▸ **Task objective**
Print the lines of the listing below verbatim from its first line through the line bearing "安全生(shēng)産标準化(huà)證書(shū)". Any pictures are to be omitted.
------ Data extract ------
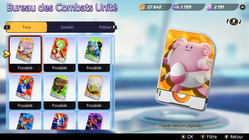 Permis Unité : Par le biais du Bureau des Combats Unité, vous pouvez acheter un Permis Unité contre des Pièces ou Gemmes Æos. Si vous obtenez une licence en double (via Bonus de connexion, Récompense de Niveau de Dresseur ou Défi limité) vous obtiendrez alors le prix de base en Pièces Æos dudit permis.
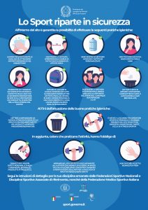 Sul sito dell’Ufficio per lo sport è inoltre disponibile la locandina informativa da utilizzare liberamente all’interno di palestre, piscine, centri e circoli sportivi, pubblici e privati, e le altre strutture dove si svolgono attività dirette al benessere dell’individuo attraverso l’esercizio fisico.
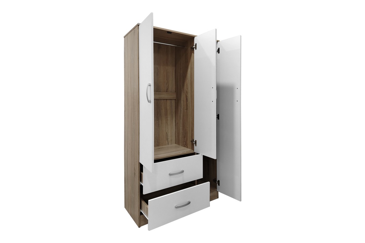 Ντουλάπα τρίφυλλη με 2 συρτάρια Lego pakoworld σε sonoma-λευκή απόχρωση 90x42x180εκ
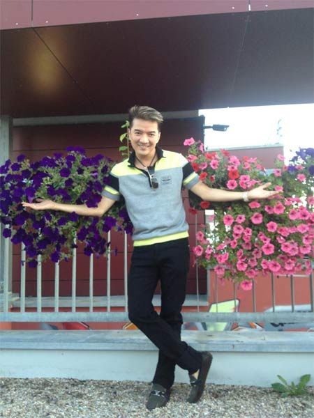 Hà Tăng mặc áo phông, quần short đi dã ngoại
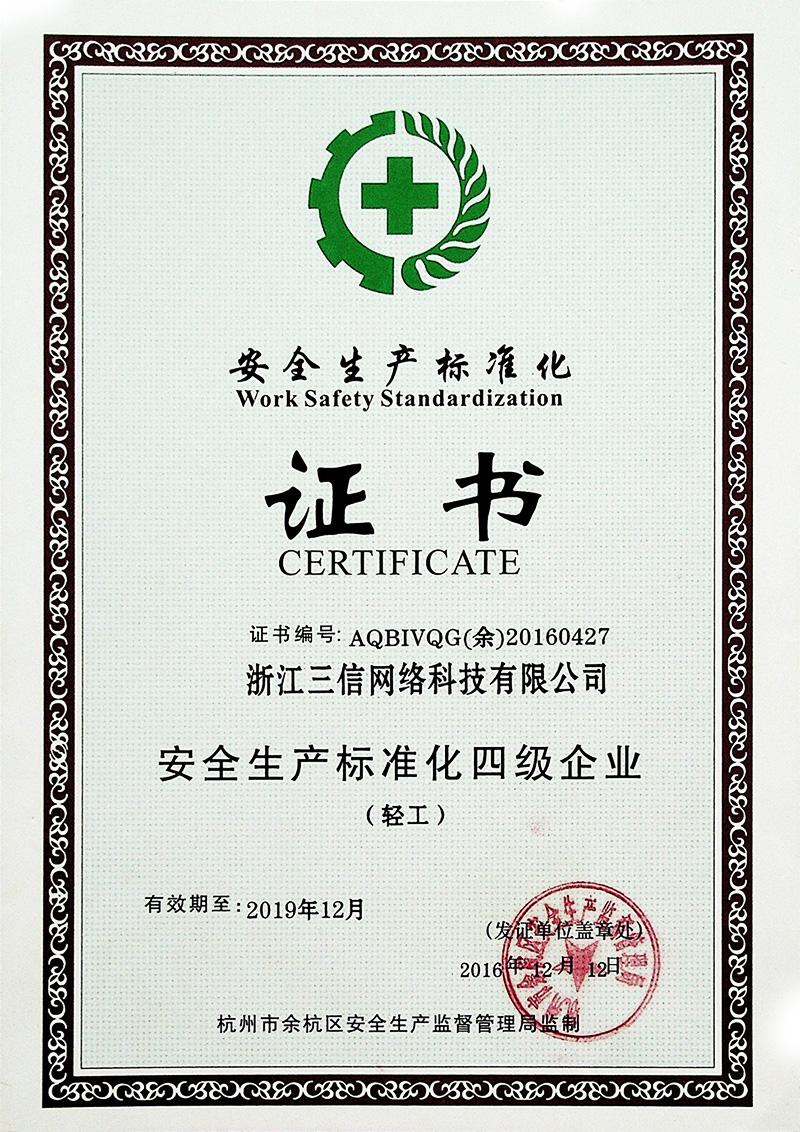安全生(shēng)産标準化(huà)證書(shū)
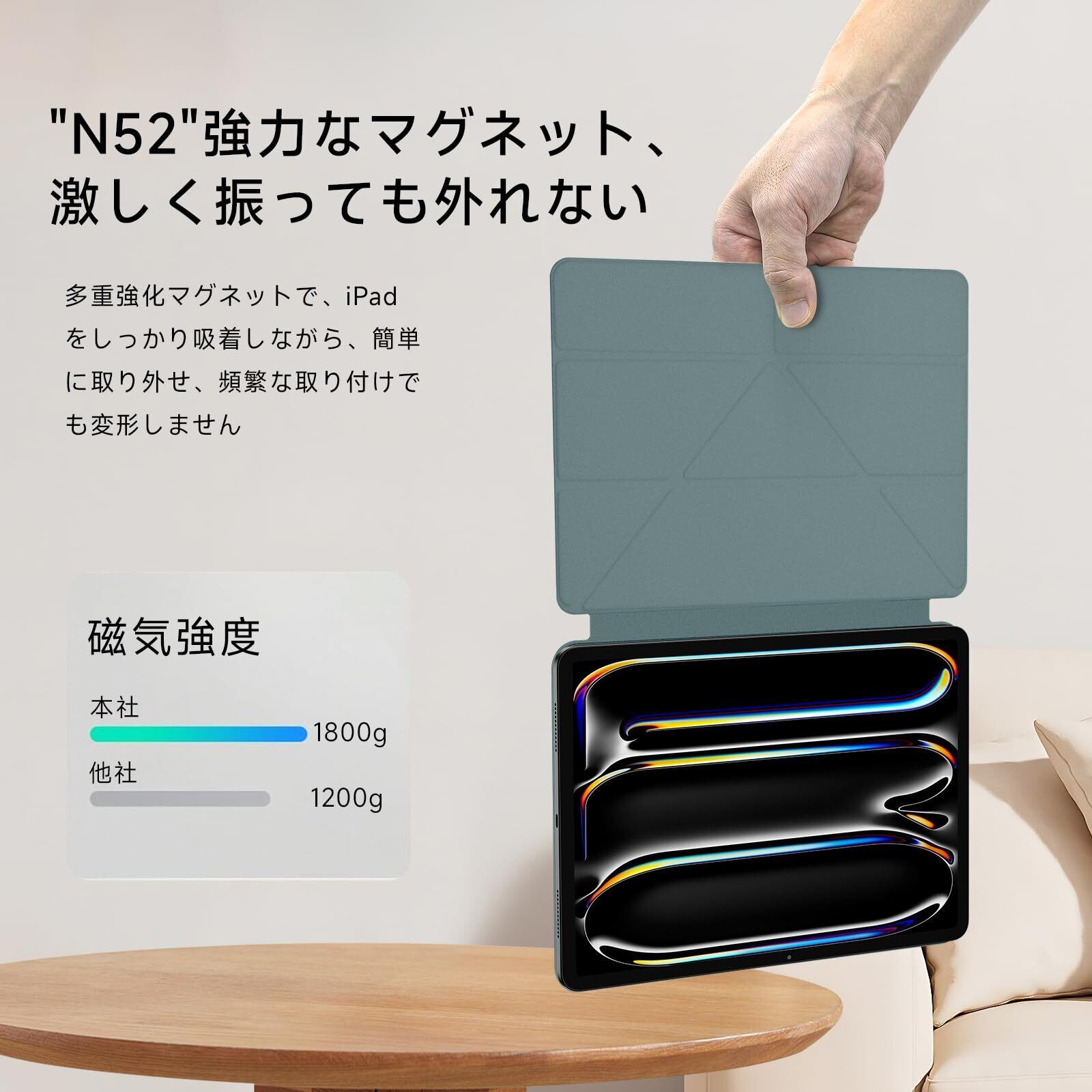 【強力マグネット吸着で取り付け簡単】マグネット式で、ケースの装着がスムーズに行えます。iPad本来の薄さを保ちながら、ケース自体も非常に軽量。強力な磁力でしっかりと固定され、ずれ落ちや剥がれの心配もありません。
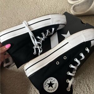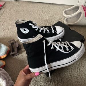 these are women's US size 9. these are in great condition, about 2 years old but they have only been worn a handful of times. there are very very light scuffs on the toe that are barely visible, but the black cloth part of the shoes are spotless and perfectly clean. im only getting rid of these because i have only worn them once in the past year, and i think someone else would love to have these. send offers, they're basically new and come in the box! i just want them gone!!!
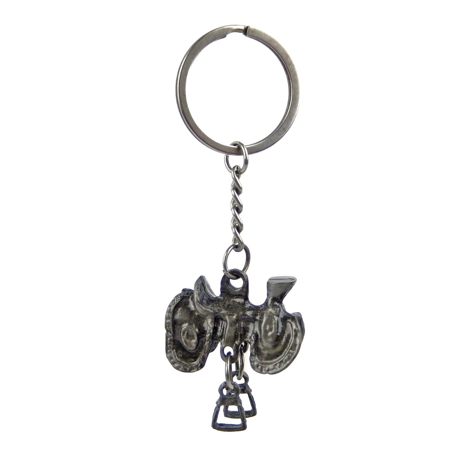 Metal Western Horse Saddle Keychain Keyring Antique Silver Finish 4 inch Long
------
▸ **Answer box**
 Permis Unité : Par le biais du Bureau des Combats Unité, vous pouvez acheter un Permis Unité contre des Pièces ou Gemmes Æos. Si vous obtenez une licence en double (via Bonus de connexion, Récompense de Niveau de Dresseur ou Défi limité) vous obtiendrez alors le prix de base en Pièces Æos dudit permis.
 Sul sito dell’Ufficio per lo sport è inoltre disponibile la locandina informativa da utilizzare liberamente all’interno di palestre, piscine, centri e circoli sportivi, pubblici e privati, e le altre strutture dove si svolgono attività dirette al benessere dell’individuo attraverso l’esercizio fisico.
 Ντουλάπα τρίφυλλη με 2 συρτάρια Lego pakoworld σε sonoma-λευκή απόχρωση 90x42x180εκ
 Hà Tăng mặc áo phông, quần short đi dã ngoại
安全生(shēng)産标準化(huà)證書(shū)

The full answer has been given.